**TASK OBJECTIVE**
Output the line that contains "Human-centered tech brand: Inspired" and each line after it in the listing, exactly as they appear, through the very last line.

**THE DATA**
--- START ---
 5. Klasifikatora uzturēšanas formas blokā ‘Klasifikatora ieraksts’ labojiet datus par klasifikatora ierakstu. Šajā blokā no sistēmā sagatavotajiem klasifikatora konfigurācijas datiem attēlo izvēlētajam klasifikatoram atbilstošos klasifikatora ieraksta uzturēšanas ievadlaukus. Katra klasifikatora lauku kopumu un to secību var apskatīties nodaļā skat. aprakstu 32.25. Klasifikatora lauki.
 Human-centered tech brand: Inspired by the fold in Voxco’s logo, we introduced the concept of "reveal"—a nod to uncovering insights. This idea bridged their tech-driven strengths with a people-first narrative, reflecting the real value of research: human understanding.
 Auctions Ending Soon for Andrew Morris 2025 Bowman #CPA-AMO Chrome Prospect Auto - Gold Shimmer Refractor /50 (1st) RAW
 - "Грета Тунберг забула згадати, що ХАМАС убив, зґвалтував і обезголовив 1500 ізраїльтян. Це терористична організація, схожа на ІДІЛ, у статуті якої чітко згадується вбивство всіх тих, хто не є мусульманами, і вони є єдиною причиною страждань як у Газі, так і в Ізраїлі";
--- END ---
**TASK RESULT**
 Human-centered tech brand: Inspired by the fold in Voxco’s logo, we introduced the concept of "reveal"—a nod to uncovering insights. This idea bridged their tech-driven strengths with a people-first narrative, reflecting the real value of research: human understanding.
 Auctions Ending Soon for Andrew Morris 2025 Bowman #CPA-AMO Chrome Prospect Auto - Gold Shimmer Refractor /50 (1st) RAW
 - "Грета Тунберг забула згадати, що ХАМАС убив, зґвалтував і обезголовив 1500 ізраїльтян. Це терористична організація, схожа на ІДІЛ, у статуті якої чітко згадується вбивство всіх тих, хто не є мусульманами, і вони є єдиною причиною страждань як у Газі, так і в Ізраїлі";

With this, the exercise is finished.